The sums of first n terms satisfy `(S1_n)/(S2_n) = (3n + 8) : (7n + 15)`, with `S_n = n/2 [2a + (n - 1)d]`.
Step-wise calculation:
1. Write ratio of sums using Sn formula:
`(n/2 (2a_1 + (n - 1)d_1))/(n/2 (2a_2 + (n - 1)d_2)) = (3n + 8)/(7n + 15)`
⇒ `(2a_1 + (n - 1)d_1)/(2a_2 + (n - 1)d_2) = (3n + 8)/(7n + 15)`
2. To get the ratio of the mth terms, Tm = a + (m – 1)d.
Substitute n = 2m – 1 so that 2a + (n – 1)d = 2a + (2m – 2)d = 2[a + (m – 1)d].

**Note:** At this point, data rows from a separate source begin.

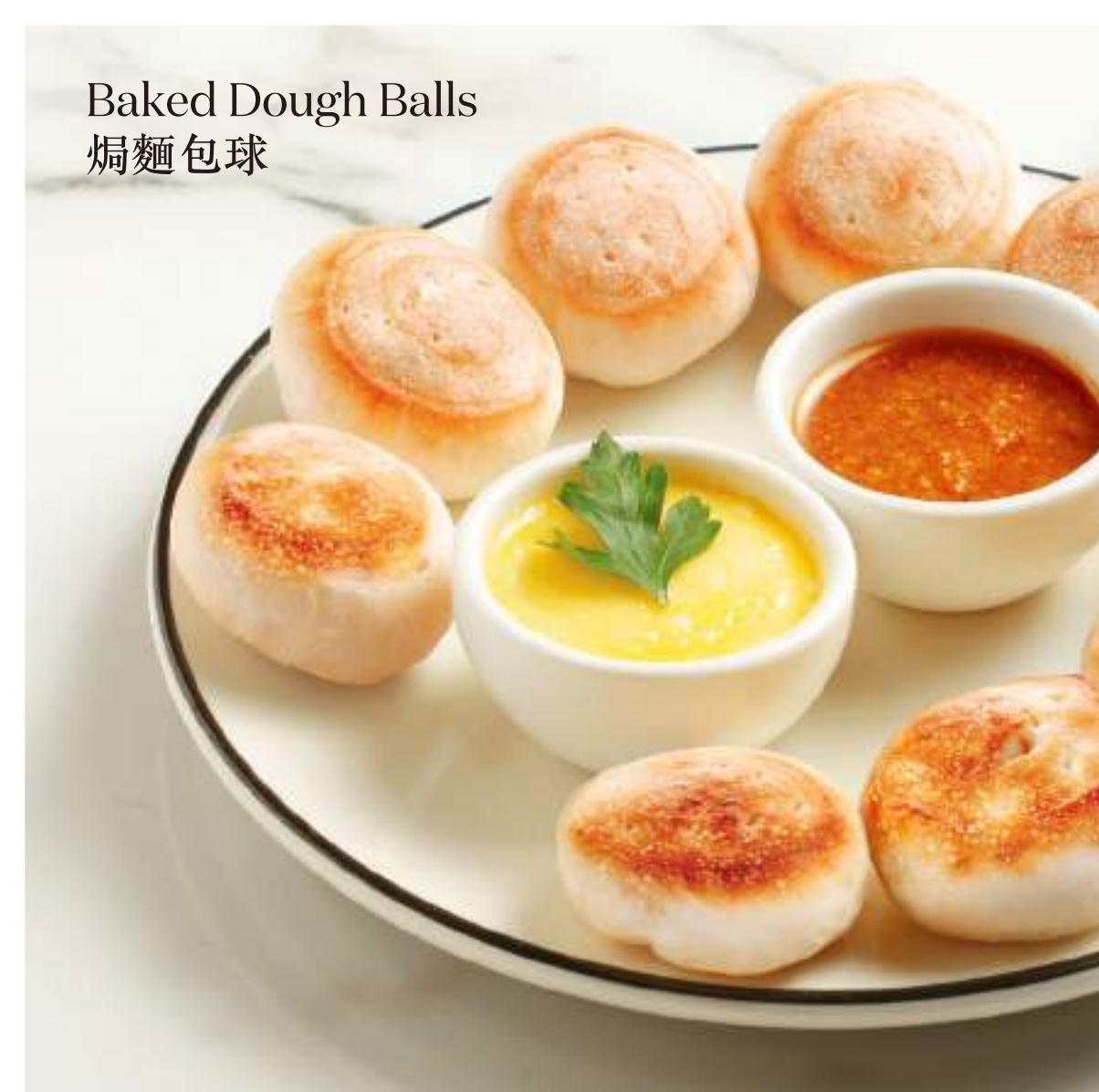
Baked Dough Balls 焗麵包球

帕爾馬火腿、摩特黛拉火腿、煙三文魚、新鮮馬蘇里拉芝士、橄欖、釀小紅椒，灑上黑醋醬及配以香草包
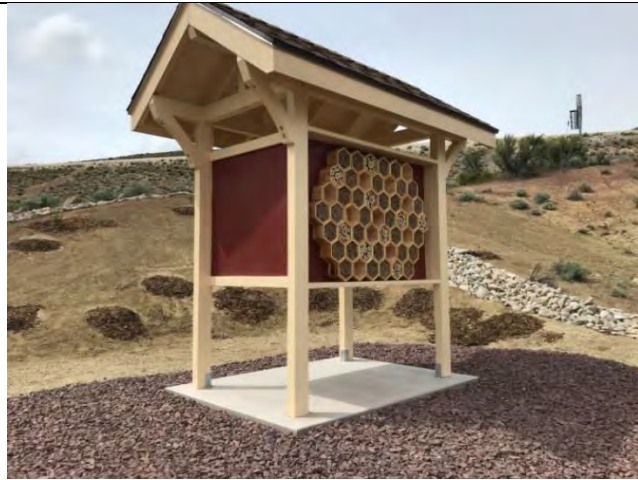
Bee Hotel constructed by the Chamber of Commerce Leadership Class of 2019.

In celebration of the 2018 Bee City USA #76 designation in Carson City, the 2019 Carson City Chamber of Commerce Leadership Class completed a bee habitat project near the Greenhouse Project at the Foothill Trail. The Chamber Leadership group worked to design and build a Bee Hotel, which will provide habitat for both mason, and leaf-cutter bees. These bees will help pollinate the fruits and vegetables growing in the adjacent Greenhouse Project. In addition to the habitat, the Chamber Leadership Group also worked to create interpretive panels about pollinator conservation, so residents can see the bees hard at work and learn more about organic food production and pollinator conservation before hiking the Foothill Trail.
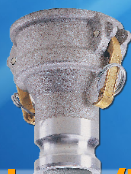
Reducer (DA) Female Coupler X Male Adapter
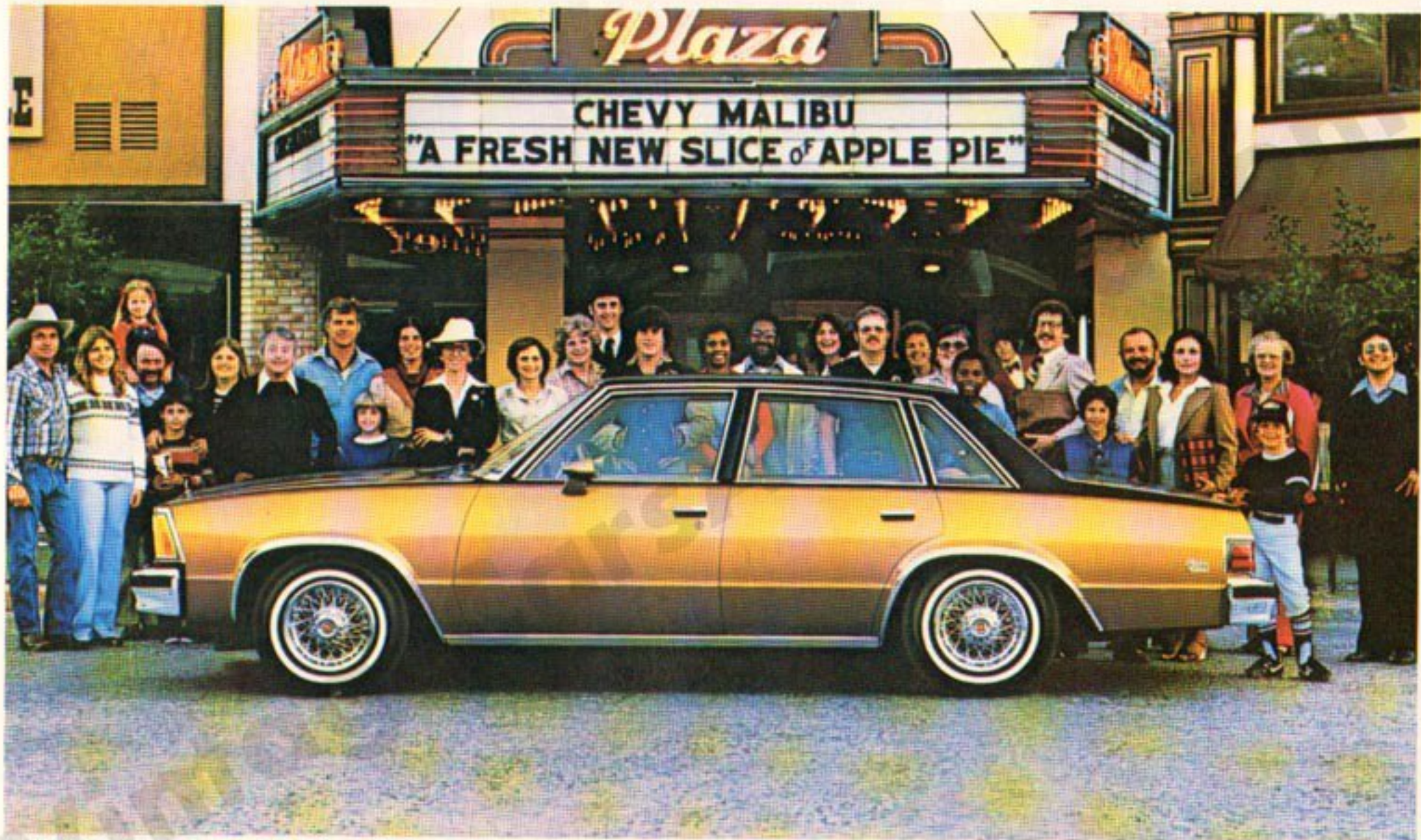
Malibu Classic Sedan shown in available Custom Two-Tone black and light camel.
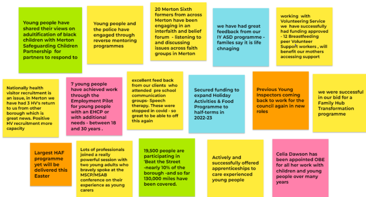
Figure 1: JamBoard of good news and successes

The Children's Trust met on 28 th March for a very positive annual review. Kicking off with a collaborative reflection on the good news so far, it was clear that there have been some incredible outcomes and achievements made across all outcome areas. There continues to be a deep appreciation for the youth inclusion and participation in Merton; whilst the Merton Story indicates challenges we face from ageing populations to the East – West divide in the Borough, highlighting key areas to work on. Thank you to the Young Inspectors, Outcome Champions, and all those involved in developing the workstreams.
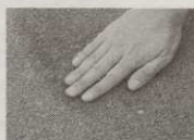
Light top dressing easily brushed in
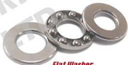
Flat Washer (No Raceway in Washer)

This bearing print is for technical reference and is displaying on www.clibearings.com ONLY!
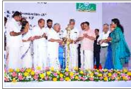
Infopark Thrissur : Inauguration of Phase II IT Building, Foodcourt and substation by the Hon'ble. Chief Minister Shri. V. S. Achuthanandan on 8th January 2011 at Infopark Thrissur, Koratty.
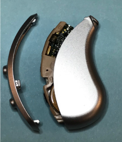
Processor with removed cover and PCBA Side 1

Thus, `(a_1 + (m - 1)d_1)/(a_2 + (m - 1)d_2)`
= `(3(2m - 1) + 8)/(7(2m - 1) + 15)`
= `(6m + 5)/(14m + 8)`
3. For the 12th terms (m = 12):
Ratio = (6 × 12 + 5) : (14 × 12 + 8) = 77 : 176.
Simplify by gcd 11 → 7 : 16.
The ratio of their 12th terms is 7 : 16.